About this task —
Give back exactly the lines of the entries below from the line with "Autores chilenos - Ultimos" to the line with "Luxus Handtuchhalter /", inclusive, and only those.

Working data —
<<<<

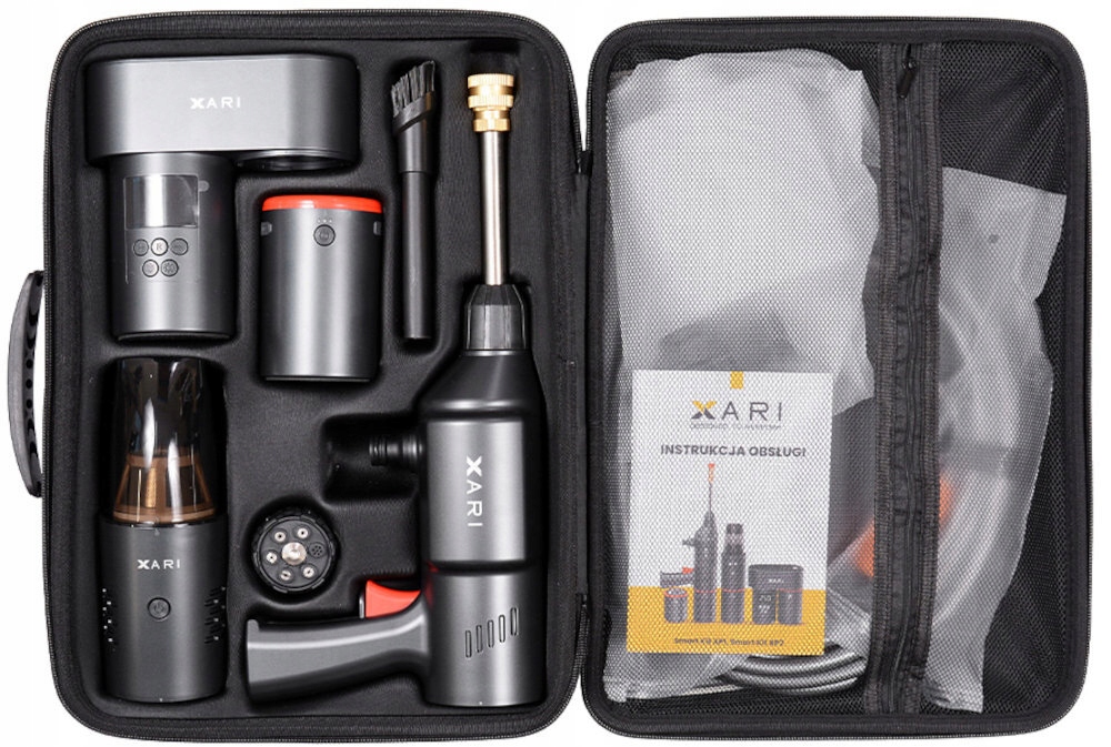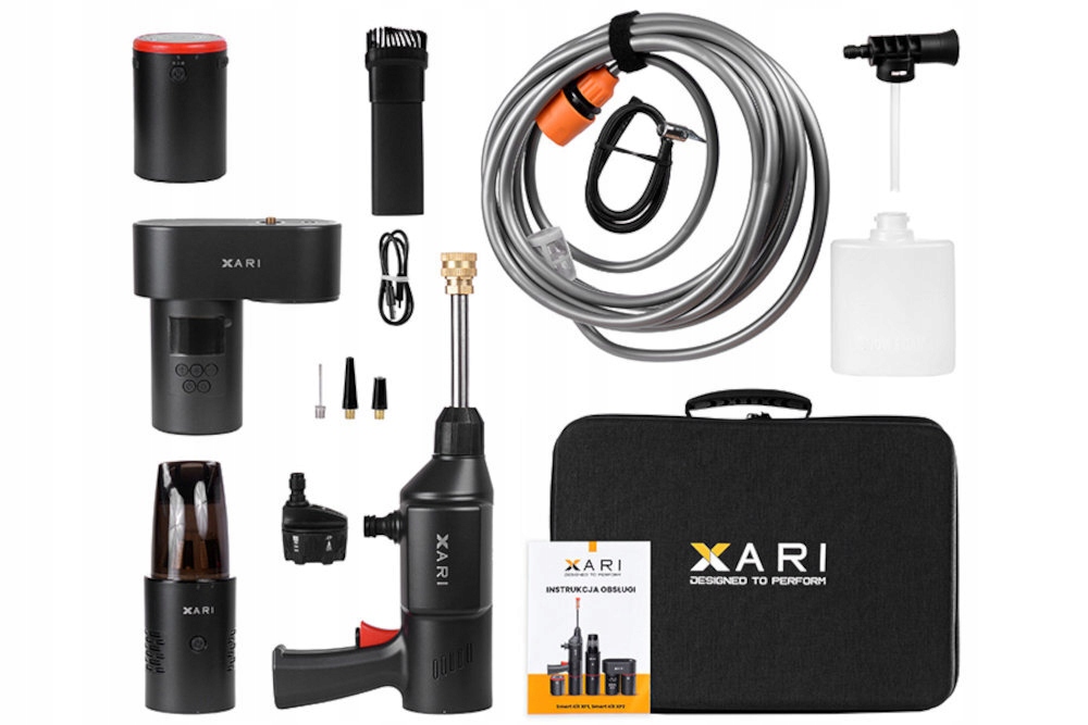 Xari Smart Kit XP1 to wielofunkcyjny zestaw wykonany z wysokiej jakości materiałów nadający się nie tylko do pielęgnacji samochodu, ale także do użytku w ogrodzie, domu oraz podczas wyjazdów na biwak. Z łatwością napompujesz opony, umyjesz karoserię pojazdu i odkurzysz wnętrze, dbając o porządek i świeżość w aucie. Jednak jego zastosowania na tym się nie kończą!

>>>>
<<<<

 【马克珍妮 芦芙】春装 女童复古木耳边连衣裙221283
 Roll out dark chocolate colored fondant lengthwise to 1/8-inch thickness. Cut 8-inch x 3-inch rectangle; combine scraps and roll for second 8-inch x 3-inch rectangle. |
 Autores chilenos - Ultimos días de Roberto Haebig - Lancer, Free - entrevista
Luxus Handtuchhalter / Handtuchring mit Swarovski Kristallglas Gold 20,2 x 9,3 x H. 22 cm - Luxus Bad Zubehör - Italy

>>>>

Response —
 Autores chilenos - Ultimos días de Roberto Haebig - Lancer, Free - entrevista
Luxus Handtuchhalter / Handtuchring mit Swarovski Kristallglas Gold 20,2 x 9,3 x H. 22 cm - Luxus Bad Zubehör - Italy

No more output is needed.